### Work instruction
Copy, please, the line with "# Family bathroom" and each line that follows it through the end of the data below, exactly as given and without pictures.

### Dataset content
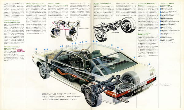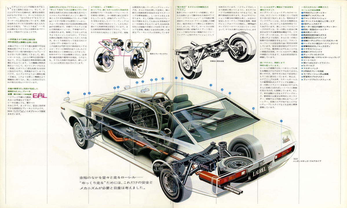 このカタログ写真を見る限り、『ブタケツ』というイメージには至らないのですが、このローレルは『ゆっくり走ろう。ゆっくり生きよう。』という本来のハイオーナーカーとしての役目を全うした後、中古マーケットへ流れてからは『賑やかにみんなで走ろう。赤信号、みんなで渡れば恐くない。』というキャッチフレーズとともに活躍する車となっていきます。
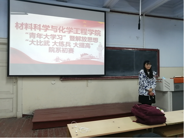 5月19日,材化学院于11号楼123大教室开展哈尔滨工程大学团干部“青年大学习”暨解放思想“大比武大练兵大提高”院系初赛。材化学院部分同学参加本次竞赛。
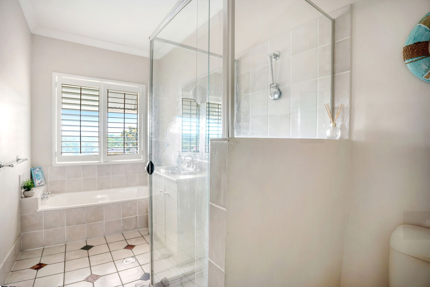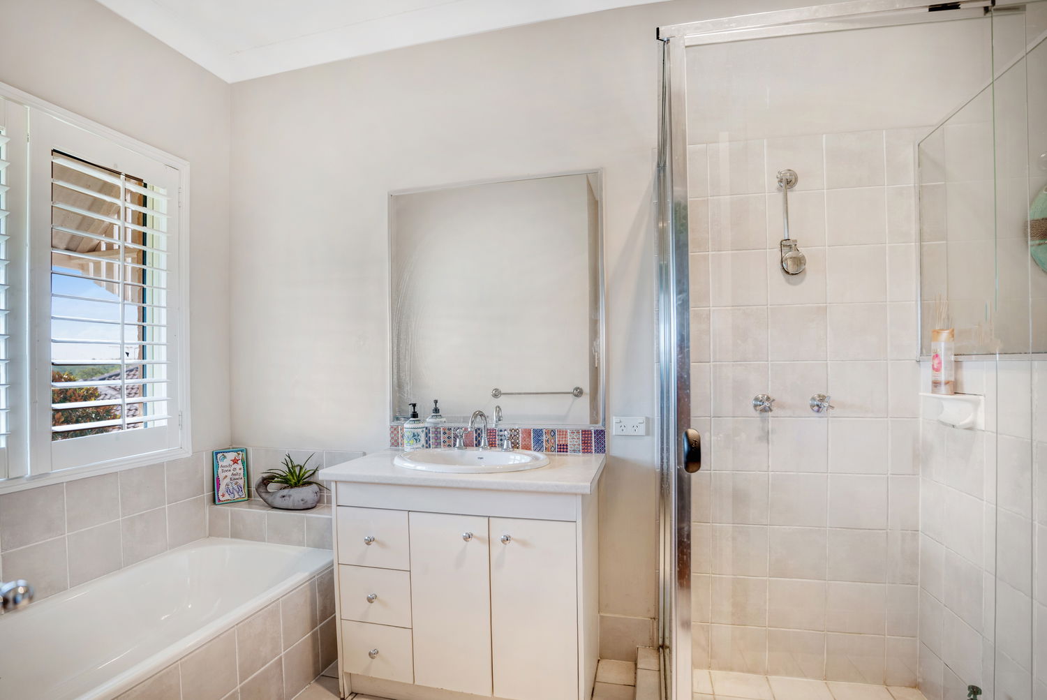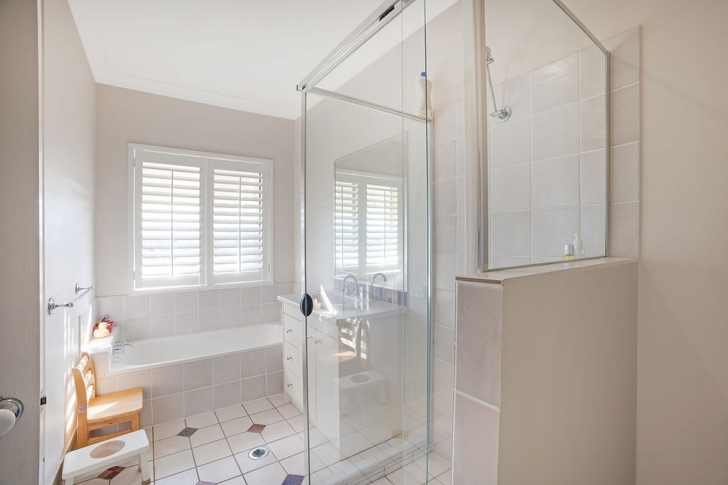 # Family bathroom with separate shower, bathtub, vanity with storage and separate toilet
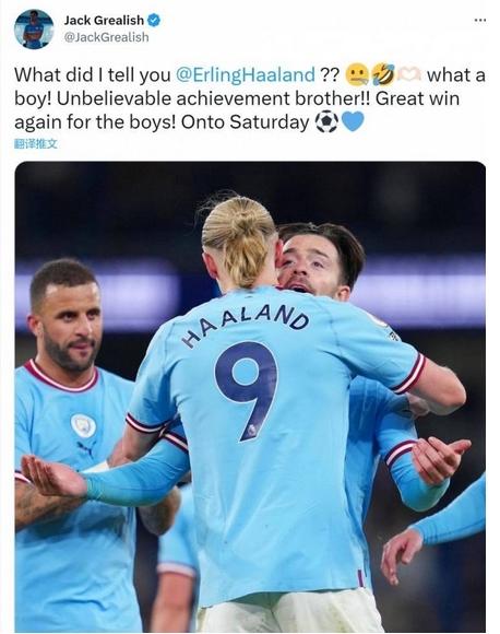 在比賽中,哈蘭德表現出色,不僅進球,還送出了關鍵的助攻。賽后,曼城球星格拉利什在社交媒體上分享了他和哈蘭德的慶祝照片,并贊揚了他的搭檔:“哈蘭德,多么棒的小伙子!這是令人難以置信的成就,兄弟!我們又一次大獲全勝!現在專注于周六的比賽。”

### Written solution
 # Family bathroom with separate shower, bathtub, vanity with storage and separate toilet
 在比賽中,哈蘭德表現出色,不僅進球,還送出了關鍵的助攻。賽后,曼城球星格拉利什在社交媒體上分享了他和哈蘭德的慶祝照片,并贊揚了他的搭檔:“哈蘭德,多么棒的小伙子!這是令人難以置信的成就,兄弟!我們又一次大獲全勝!現在專注于周六的比賽。”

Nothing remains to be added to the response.